Kleinfeld scheitert an Hedgefonds / Tag 1 mit Jeff Bezos
szmtag
Portrait von Hans-Jürgen Jakobs
Dienstag, 18.04.2017
Guten Morgen Herr Godin,
Erdogan
wie leicht man mit demokratischen Methoden undemokratische Verhältnisse herstellen kann, beweist Recep Tayyip Erdogan in der Türkei. Mehr als 51 Prozent der Türken votierten für seinen Plan eines Präsidialsystems, das den Erdogan-Clan weiter stärkt und das Parlament weiter schwächt. Das alles bedeutet: noch mehr Journalisten in Gefängnissen, noch mehr unliebsame Beamte, Lehrer und Richter zur Entlassung vorgemerkt, noch mehr Demagogie und – als Zugabe – die wahrscheinliche Wiedereinführung der Todesstrafe. Am Sonntag hat sich die Türkei von Europa verabschiedet. JETZT LESEN

Referendum
Besonders fatal: Die Erdogan-Zustimmung bei den in Deutschland lebenden Türken war überdurchschnittlich groß. In Essen stimmten sogar 75 Prozent für den Autokraten aus Ankara. Während die hiesigen Politiker wegen solcher Resultate geschockt sind, blasen die überregionalen Kollegen wütend ins Horn. Die Staats- und Regierungschefs der EU sollten auf ihrem Treffen Ende April „die Beitrittsgespräche mit der Türkei beenden“, fordert Manfred Weber, Fraktionschef der konservativen EVP im Europaparlament, im Handelsblatt. Anders gesagt: Der Zug ist abgefahren und der Bahnsteig voll mit Ratlosen. JETZT LESEN

Kleinfeld
Zehn Jahre nach seinem Abgang bei Siemens hat es Klaus Kleinfeld bei seiner nächsten Chefaufgabe erwischt – er trat von der Kommandobrücke des US-Aluminiumkonzerns Arconic ab.
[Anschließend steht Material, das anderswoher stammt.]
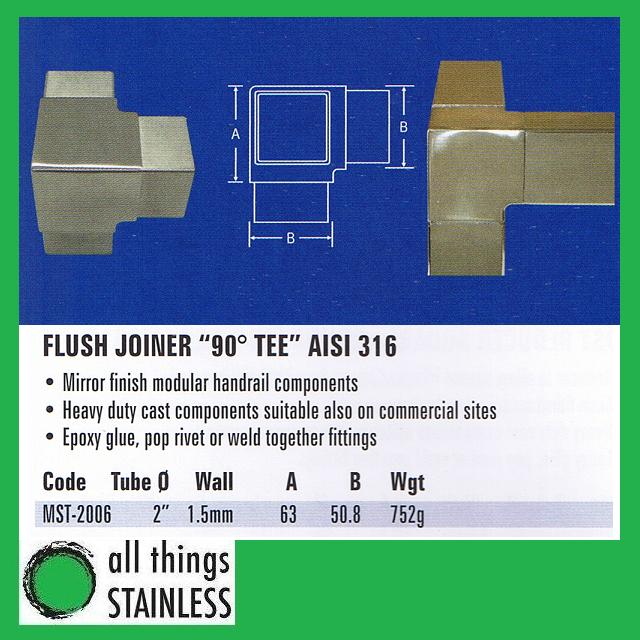 316: 50x50mm Flush Joiner 90 Deg TEE Square Mirror

Der Deutsche ist in der amerikanischen Wirtschaftswelt sehr anerkannt, nicht aber bei Paul Singer. Dieser schneidige Jurist gehört als oberster Fuhrwerker des Hedgefonds Elliott zu jener Spezies kapitalistischer Freibeuter, die gezielt mit viel Kapital und Chuzpe vermeintliche Schwächen im System in persönliche Spekulationsgewinne ummünzen. Bei Arconic hält er 13 Prozent. Gegen diesen „Aktivisten“ gab schon Argentinien klein bei, was wollte da Klaus Kleinfeld ausrichten? Ein Habsüchtiger lässt sich durch keinen Gewinn sättigen (Seneca).

Pence
Als Postillon d'amour betätigt sich US-Vizepräsident Mike Pence in diesen Tagen in Japan, unter anderem bei Regierungschef Shinzo Abe. Es geht um einen neuen Wirtschaftsdialog, damit aber auch um einen Schulterschluss gegen Nordkorea – dessen letzter Raketentest jüngst an technischer Kompetenz scheiterte. Die Geduld der USA sei nicht unendlich, ruft Pence in Richtung Pjönjang. Für Begriffsstutzige schiebt er noch einen Verweis auf jüngste US-Bomben in Syrien und Afghanistan nach.

Macron
Deutsche Politiker schätzen in Frankreichs bizarrem Präsidentschaftswahlkampf noch am ehesten Emmanuel Macron, den einstigen Rothschild-Banker und Wirtschaftsminister. Doch nun hat der Kandidat die deutsche Exportwirtschaft überaus stark kritisiert: Deutschland müsse zur Einsicht kommen, „dass seine wirtschaftliche Stärke in der jetzigen Ausprägung nicht tragbar ist“. Es bedürfe eines Ausgleichs der hohen Handelsüberschüsse. Macron liegt mit der rechtsextremen Marine Le Pen von der Front National in den Umfragen vorn und braucht in diesem Duell viel Patrioten-PR, auch in Form von Teutonen-Bashing.

Finanzpolitiker, Ökonomen und Zentralbanken weilen in dieser Woche beim Internationalen Währungsfonds in Washington. Die Expertenrunde erwartet eine positive Einschätzung der Emerging Markets, der Schwellenländer – nach sechs Jahren Stillstand. China (plus 6,9 Prozent Wachstum), aber auch Türkei, Brasilien, Mexiko und Südkorea melden wieder starke Zahlen. Was wie ein Leuchtfeuer der Hoffnung wirkt, könnte allerdings auch ein Strohfeuer sein.

Bezos
Zu den aktuell weltweit begehrten Lesestoffen gehört der letzte Aktionärsbrief von Amazon-Chef Jeff Bezos. Der Internet-Milliardär beschreibt darin als wichtige Basis für seinen Konzern das verpflichtende Gefühl, dass bei Amazon immer „Tag 1“ ist („Tag 2 ist Stillstand. Danach kommt nur noch die Irrelevanz“). Immer auf den Kunden hören, rät Bezos, und propagiert intern die Strategie „Disagree and Commit“. Nicht alle Entscheidungen müssten von jedem in der Firma geteilt, wohl aber unterstützt werden, erklärt Bezos, von Tag 1 an die Nummer 1.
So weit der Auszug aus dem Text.